__Work instruction__
Among the entries below, one stretch runs from the line that contains "4. Make test" through the line that contains "Anantha Greyish Brown-Gold". Repeat that stretch exactly, ends included, and only that.

__Excerpted data__
· · · · · · ·

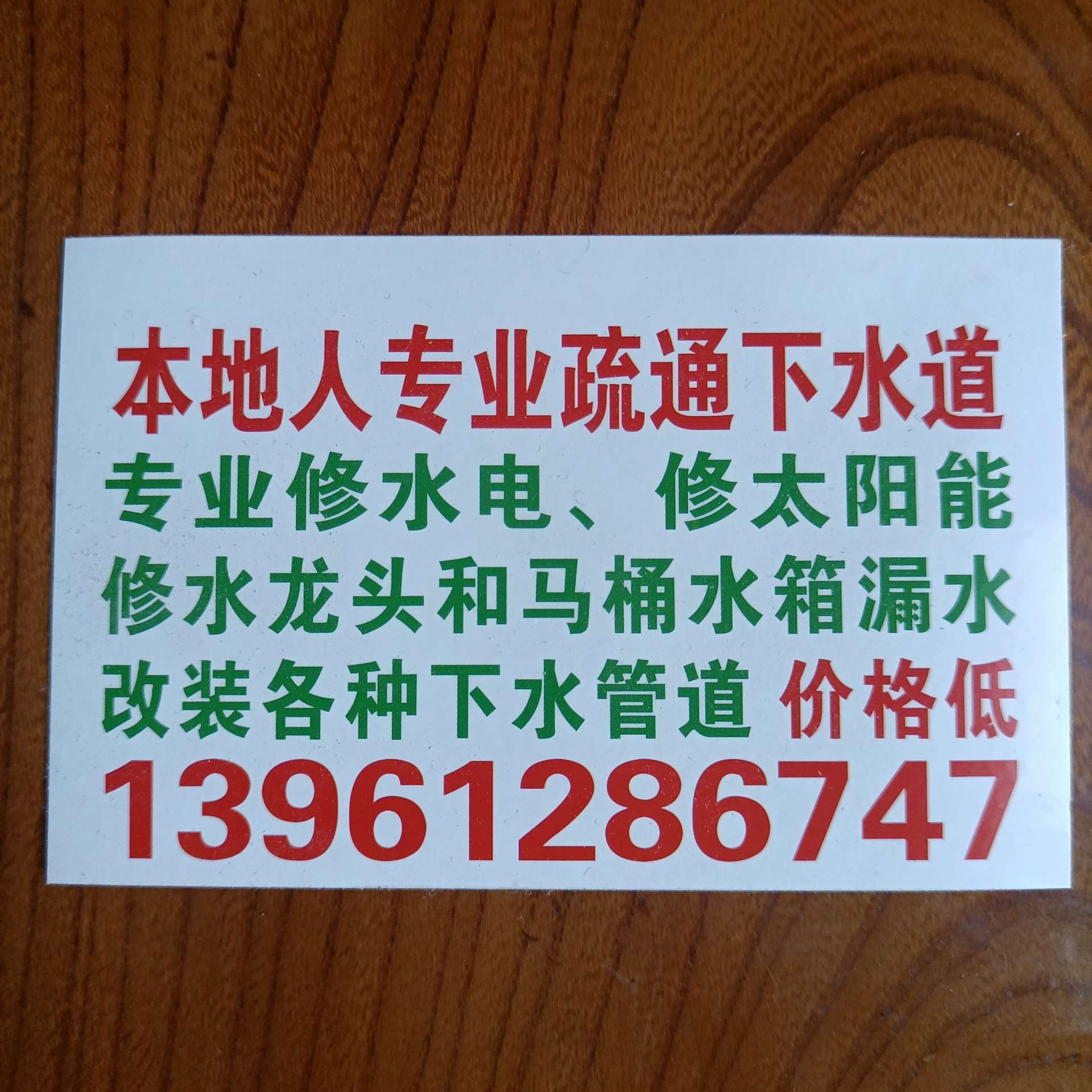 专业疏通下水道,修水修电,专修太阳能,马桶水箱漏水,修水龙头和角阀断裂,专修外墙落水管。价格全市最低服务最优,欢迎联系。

· · · · · · ·

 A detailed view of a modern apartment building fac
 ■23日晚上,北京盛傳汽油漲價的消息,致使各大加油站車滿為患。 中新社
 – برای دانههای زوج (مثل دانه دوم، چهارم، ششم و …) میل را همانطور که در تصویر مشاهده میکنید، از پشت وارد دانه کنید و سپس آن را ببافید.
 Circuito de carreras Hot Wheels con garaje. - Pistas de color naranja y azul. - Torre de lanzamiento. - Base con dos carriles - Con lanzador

· · · · · · ·

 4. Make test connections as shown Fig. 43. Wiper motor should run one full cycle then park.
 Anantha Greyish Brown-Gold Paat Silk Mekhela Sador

· · · · · · ·

__Answer to the problem__
 4. Make test connections as shown Fig. 43. Wiper motor should run one full cycle then park.
 Anantha Greyish Brown-Gold Paat Silk Mekhela Sador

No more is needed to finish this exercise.